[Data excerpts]
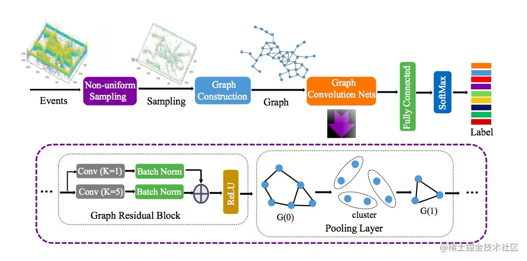 - 基于 NVS 数据的分类网络架构如下:首先采用非均匀采样策略获得一小组神经形态事件进行计算和记忆高效处理然后将采样事件构造成一个半径邻域图,并由我们提出的残差图CNNs进行处理,进行目标分类。 如下图:
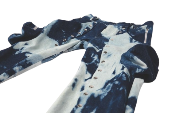 The Icon Snap Jeans by IZAYAH redefine what denim can be. Designed with a bold multi-panel construction and finished in IZAYAH’s signature hand-bleached pattern, these straight-cut jeans introduce true functional versatility. The fully functional snap system along the legs allows you to create an adjustable silhouette, shifting from a clean straight fit to an open-flare statement in seconds. Sculptural pocket pouches, formed from an additional top denim layer, bring depth, utility, and avant-garde edge to the piece. Every pair stands alone. Every pair is made to order. Every pair is 1-of-1.
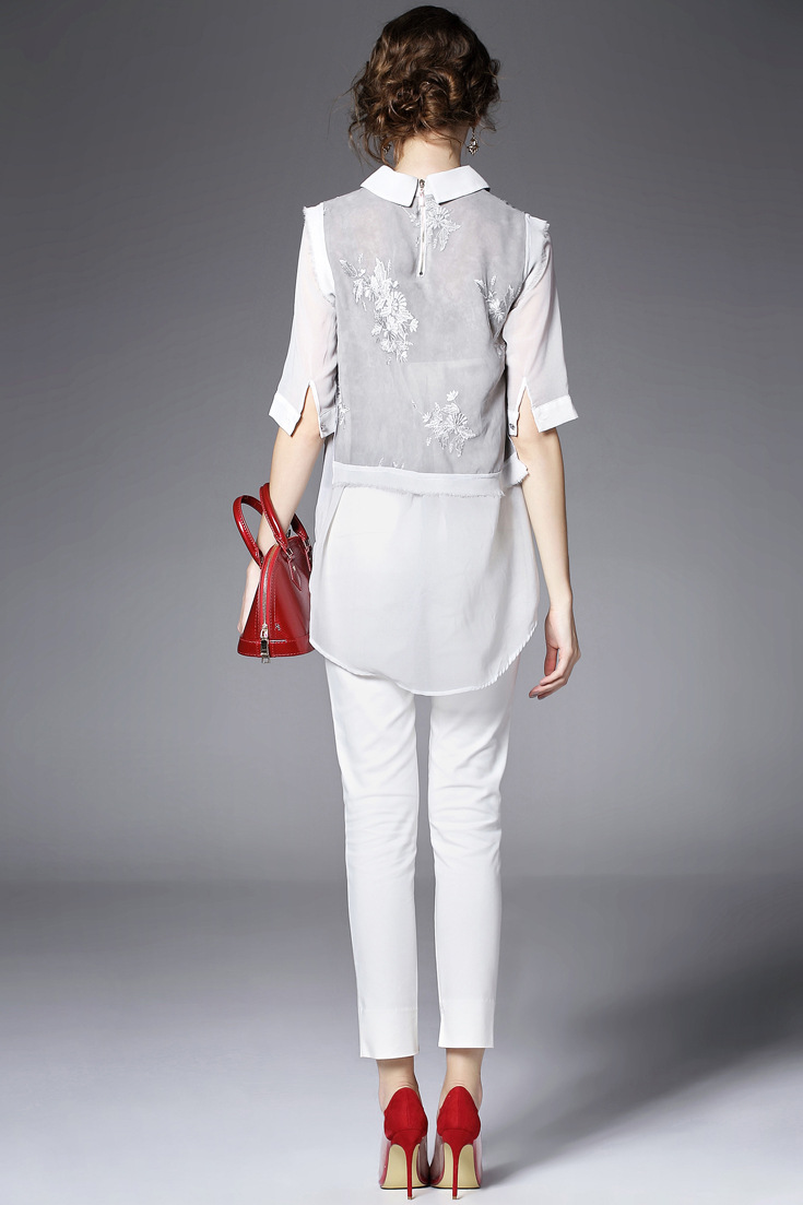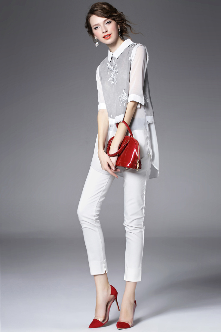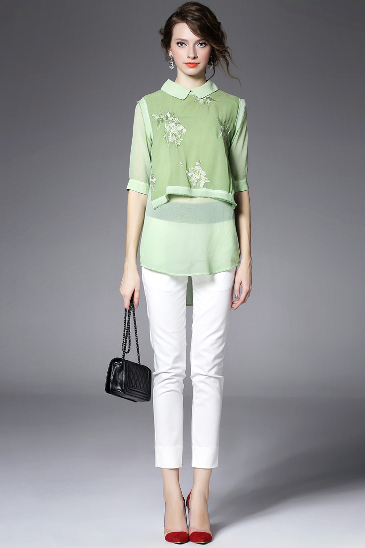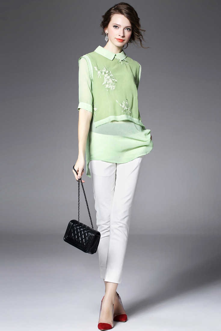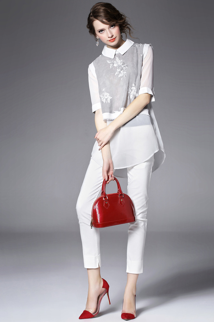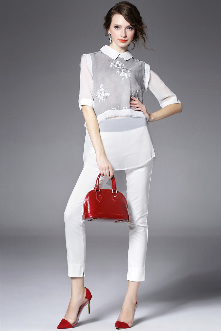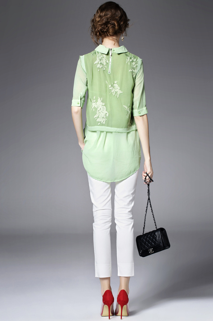 > 2015夏 欧美大牌翻领中袖时尚纯色重工绣花不规则拼接修身衬衣女
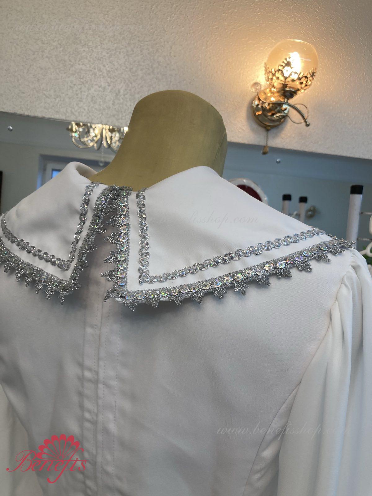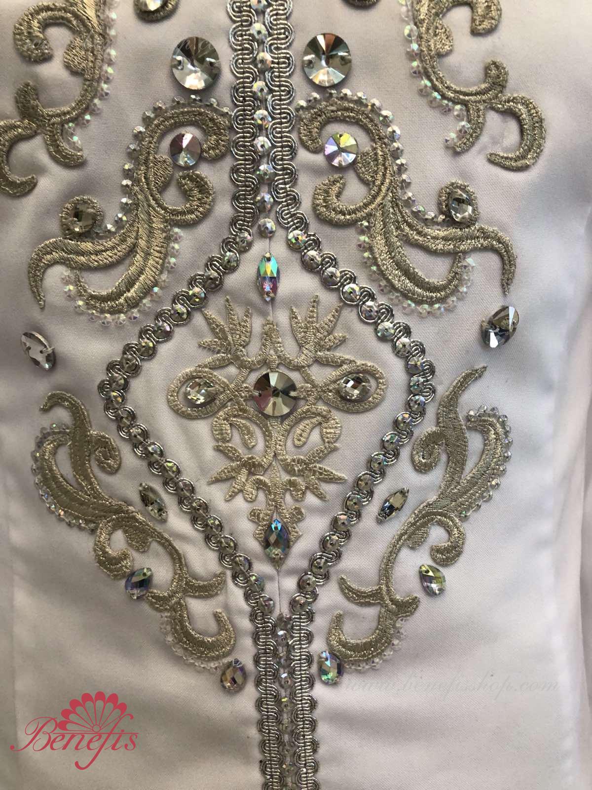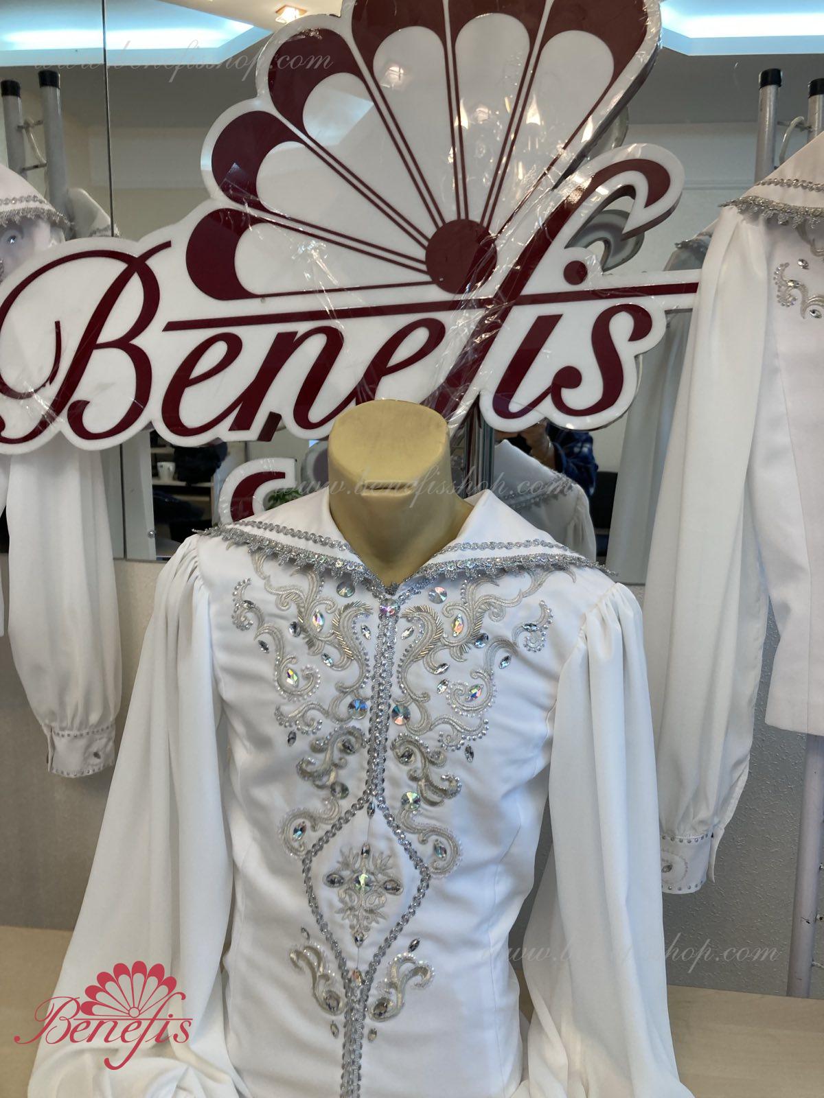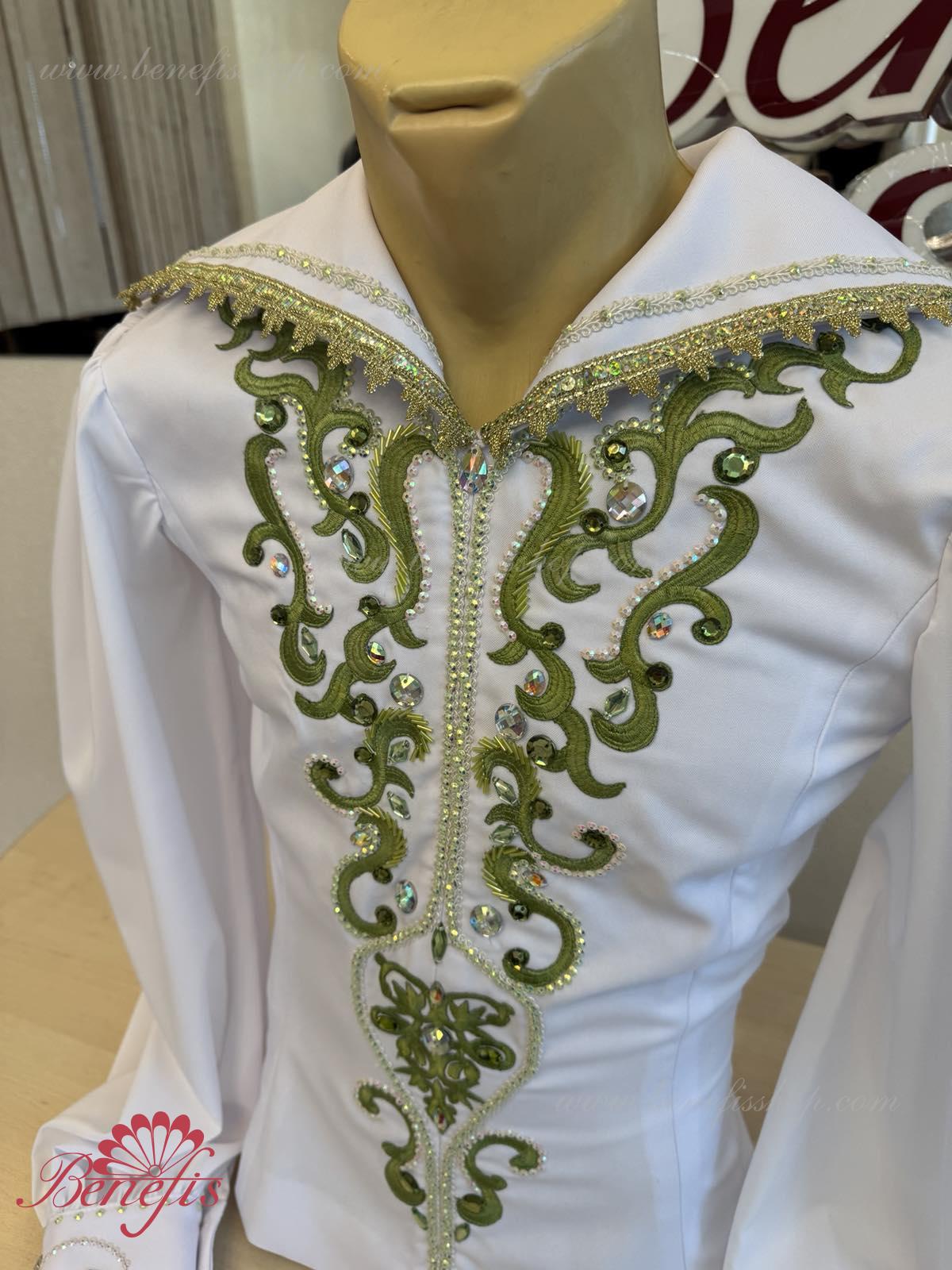 Costumul de barbat este fabricar dintr-o tesatura densa cu mineci de sifon si guler rasfrint. Se incheie in spate pe cirlige. Decorul bogat pe intreaga lungime a jacketului este compus din nenumarate applicatii, strase, paiete. Gulerul rasfrint subliniaza aspectul elegant al costumului. Mansetele din sifon ale minecilor sunt decorate cu paiete si strase si se incheie cu nituri. Acest costum este folosit la parti lirice si variatii clasice de balet.
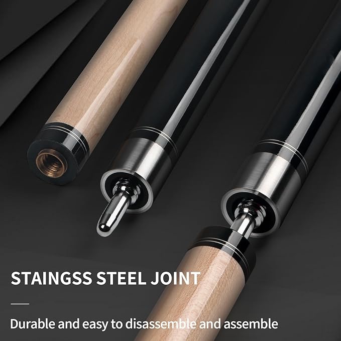 - Professional Pool Cue: Kmise 58-inch 2-piece detachable pool cue, weight 20OZ, made of high-quality Canadian hard rock maple, stainless steel joints, sturdy and durable and not easy to deform
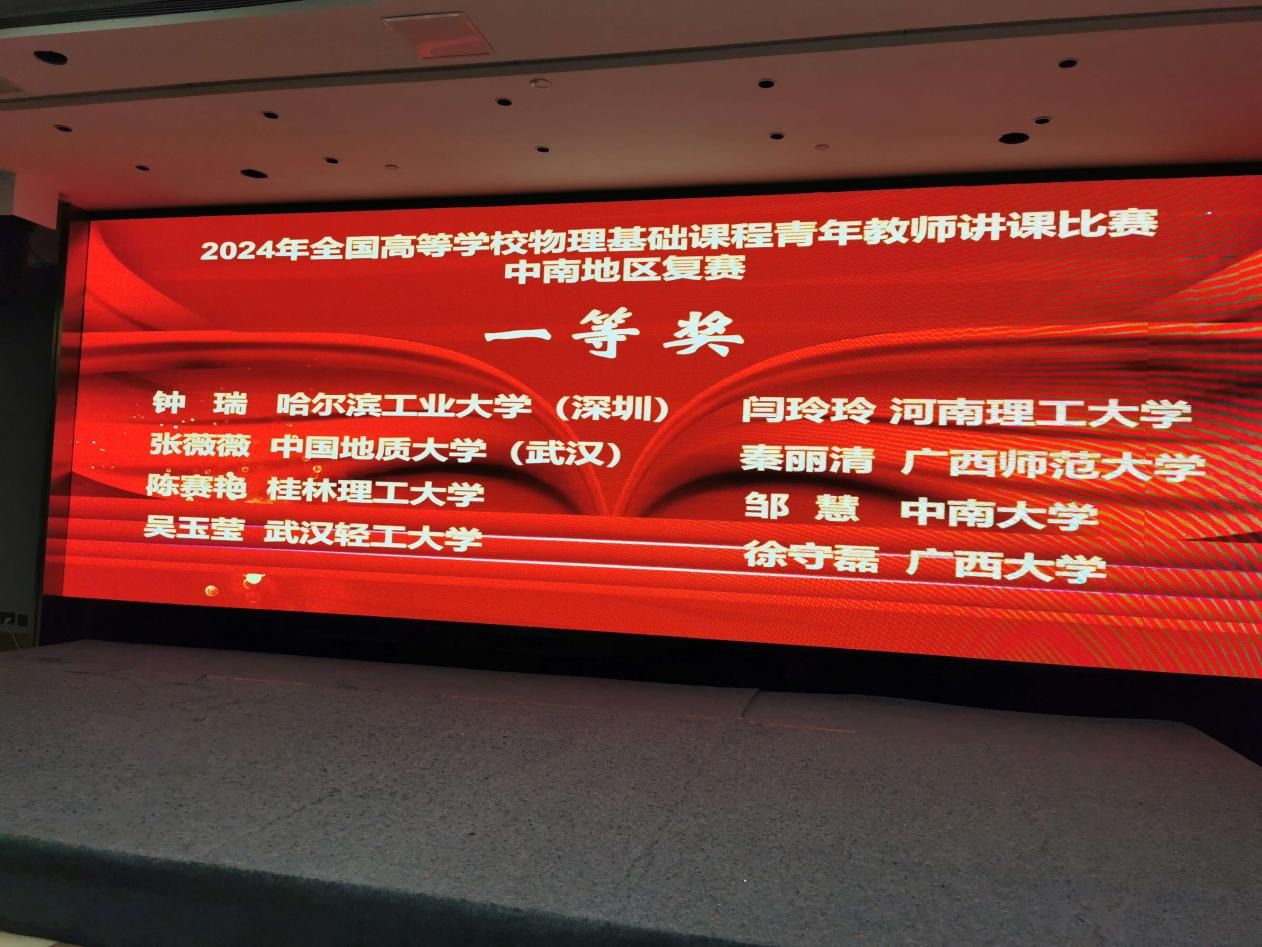 2024年全国高等学校物理基础课程青年教师讲课比赛中南地区复赛于6月21日-23日在河南洛阳成功举办,91网 张薇薇教师参赛并获得一等奖。
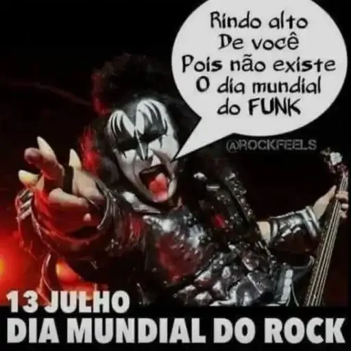 Um homem com maquiagem branca e preta no rosto, vestindo uma roupa de couro preto e vermelho, com um violão, falando em uma bolha de fala 'Rindo alto de você pois não existe o dia mundial do FUNK'. Abaixo dele, está escrito '13 JULHO DIA MUNDIAL DO ROCK'.
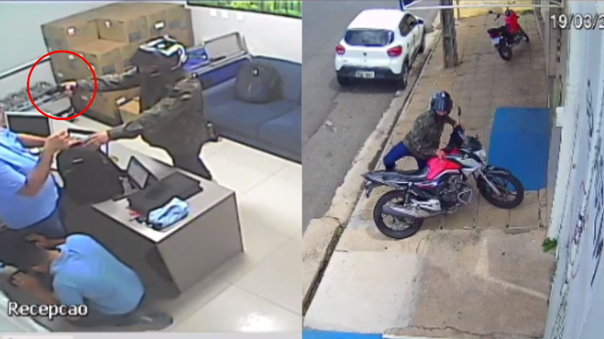 O ASSALTO. Na ocasião, os funcionários, um sentado e o outro em pé, colocam as mãos para cima, nisto o homem, ainda de capacete, entrega uma mochila e força um deles a ficar de joelhos. Empunhando a arma, o suspeito os conduz para outra sala. Quase dois minutos depois, após subtrair R$ 25 mil em espécie, o homem sai do local na motocicleta em destino ignorado. O valor seria utilizado para o pagamento de um boleto da empresa de medicamentos.
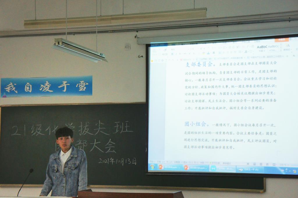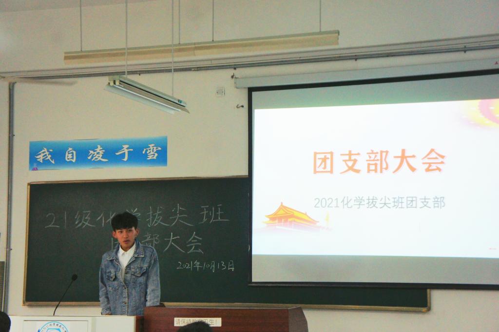 21级化学拔尖班开展了第一次支部团员大会。本次大会由班级团支部书记孙世杰主持,以“请党放心,强国有我”为主题,带领同学们学党史、悟思想,更加坚定的学习贯彻党的创新理论,明确同学们作为新时代新青年的使命和责任。会上还进行了支部委员会委员选举,通过同学发表竞选演讲、民主投票的形式,选举产生了三名支部委员会委员,增强了同学们之间的组织力和凝聚力。
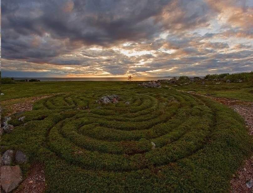Соловецкий архипелаг включает в себя шесть крупных островов: Большой Соловецкий, Анзерский, Большую и Малую Муксалму, Большой и Малый Заяцкие, а также множество мелких островков. Пожалуй, самым загадочным и мистическим островом является Большой Заяцкий. Мы отправились в сторону Заяцких на моторной лодке ближе к закату, предварительно купив билеты в центре гостеприимства. По сравнению с бухтой Благополучия, открытое море было немного более "взволнованно". Пришлось немного потрястись в пути, укрываясь от брызг холодного моря, попутно любуясь морскими пейзажами и рассматривая деревянные скелеты пароходов-исполинов, которые обрели вечный покой у берегов островов Сенные Луды. В вечернее время на острове уже нет туристических групп и можно спокойно и без суеты побродить по тропинкам и деревянным помостам, наслаждаясь красотой суровой северной природы. Она здесь очень напоминает тундру: невысокие кусты, карликовые деревья, мхи, лишайники и камни... Большой Заяцкий остров находи
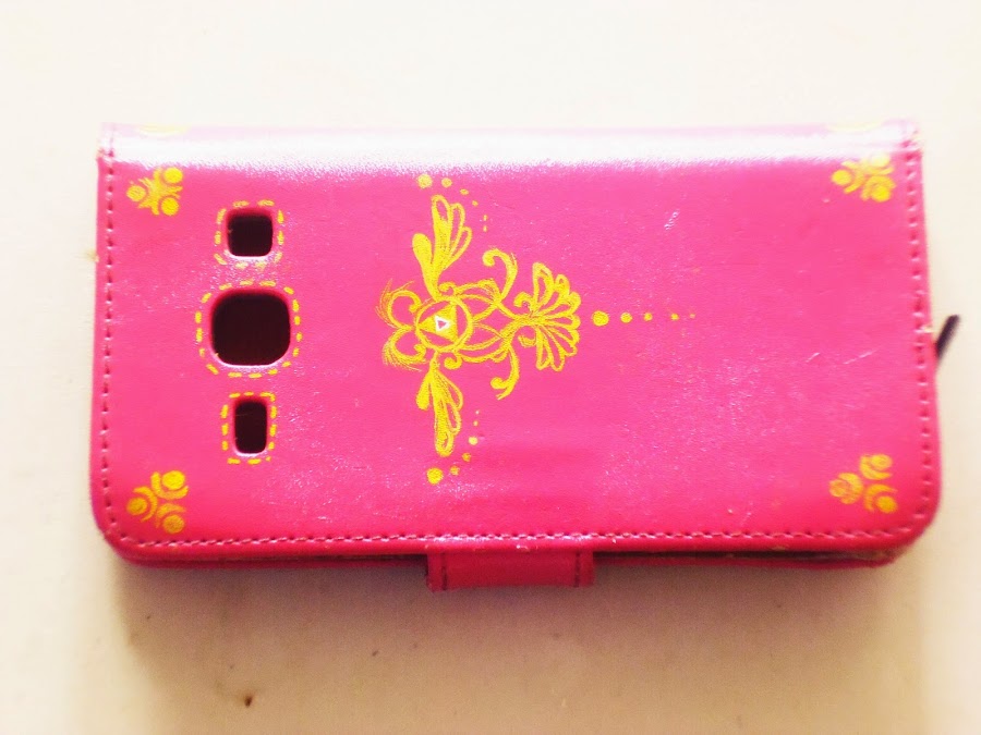 Los símbolos dibujados sobre la funda están hechos con pluma dorada de gel, no tengo idea de por que en las fotos se ve todo amarillo. Lo que me gusto de trabajar con las plumas de gel, fue la facilidad para manejarla sobre la superficie de la funda.

• **Exercise requirements**
Write the records out in full, word for word; leave every picture behind.

• **Solution to the problem**
 - 基于 NVS 数据的分类网络架构如下:首先采用非均匀采样策略获得一小组神经形态事件进行计算和记忆高效处理然后将采样事件构造成一个半径邻域图,并由我们提出的残差图CNNs进行处理,进行目标分类。 如下图:
 The Icon Snap Jeans by IZAYAH redefine what denim can be. Designed with a bold multi-panel construction and finished in IZAYAH’s signature hand-bleached pattern, these straight-cut jeans introduce true functional versatility. The fully functional snap system along the legs allows you to create an adjustable silhouette, shifting from a clean straight fit to an open-flare statement in seconds. Sculptural pocket pouches, formed from an additional top denim layer, bring depth, utility, and avant-garde edge to the piece. Every pair stands alone. Every pair is made to order. Every pair is 1-of-1.
 > 2015夏 欧美大牌翻领中袖时尚纯色重工绣花不规则拼接修身衬衣女
 Costumul de barbat este fabricar dintr-o tesatura densa cu mineci de sifon si guler rasfrint. Se incheie in spate pe cirlige. Decorul bogat pe intreaga lungime a jacketului este compus din nenumarate applicatii, strase, paiete. Gulerul rasfrint subliniaza aspectul elegant al costumului. Mansetele din sifon ale minecilor sunt decorate cu paiete si strase si se incheie cu nituri. Acest costum este folosit la parti lirice si variatii clasice de balet.
 - Professional Pool Cue: Kmise 58-inch 2-piece detachable pool cue, weight 20OZ, made of high-quality Canadian hard rock maple, stainless steel joints, sturdy and durable and not easy to deform
 2024年全国高等学校物理基础课程青年教师讲课比赛中南地区复赛于6月21日-23日在河南洛阳成功举办,91网 张薇薇教师参赛并获得一等奖。
 Um homem com maquiagem branca e preta no rosto, vestindo uma roupa de couro preto e vermelho, com um violão, falando em uma bolha de fala 'Rindo alto de você pois não existe o dia mundial do FUNK'. Abaixo dele, está escrito '13 JULHO DIA MUNDIAL DO ROCK'.
 O ASSALTO. Na ocasião, os funcionários, um sentado e o outro em pé, colocam as mãos para cima, nisto o homem, ainda de capacete, entrega uma mochila e força um deles a ficar de joelhos. Empunhando a arma, o suspeito os conduz para outra sala. Quase dois minutos depois, após subtrair R$ 25 mil em espécie, o homem sai do local na motocicleta em destino ignorado. O valor seria utilizado para o pagamento de um boleto da empresa de medicamentos.
 21级化学拔尖班开展了第一次支部团员大会。本次大会由班级团支部书记孙世杰主持,以“请党放心,强国有我”为主题,带领同学们学党史、悟思想,更加坚定的学习贯彻党的创新理论,明确同学们作为新时代新青年的使命和责任。会上还进行了支部委员会委员选举,通过同学发表竞选演讲、民主投票的形式,选举产生了三名支部委员会委员,增强了同学们之间的组织力和凝聚力。
Соловецкий архипелаг включает в себя шесть крупных островов: Большой Соловецкий, Анзерский, Большую и Малую Муксалму, Большой и Малый Заяцкие, а также множество мелких островков. Пожалуй, самым загадочным и мистическим островом является Большой Заяцкий. Мы отправились в сторону Заяцких на моторной лодке ближе к закату, предварительно купив билеты в центре гостеприимства. По сравнению с бухтой Благополучия, открытое море было немного более "взволнованно". Пришлось немного потрястись в пути, укрываясь от брызг холодного моря, попутно любуясь морскими пейзажами и рассматривая деревянные скелеты пароходов-исполинов, которые обрели вечный покой у берегов островов Сенные Луды. В вечернее время на острове уже нет туристических групп и можно спокойно и без суеты побродить по тропинкам и деревянным помостам, наслаждаясь красотой суровой северной природы. Она здесь очень напоминает тундру: невысокие кусты, карликовые деревья, мхи, лишайники и камни... Большой Заяцкий остров находи
 Los símbolos dibujados sobre la funda están hechos con pluma dorada de gel, no tengo idea de por que en las fotos se ve todo amarillo. Lo que me gusto de trabajar con las plumas de gel, fue la facilidad para manejarla sobre la superficie de la funda.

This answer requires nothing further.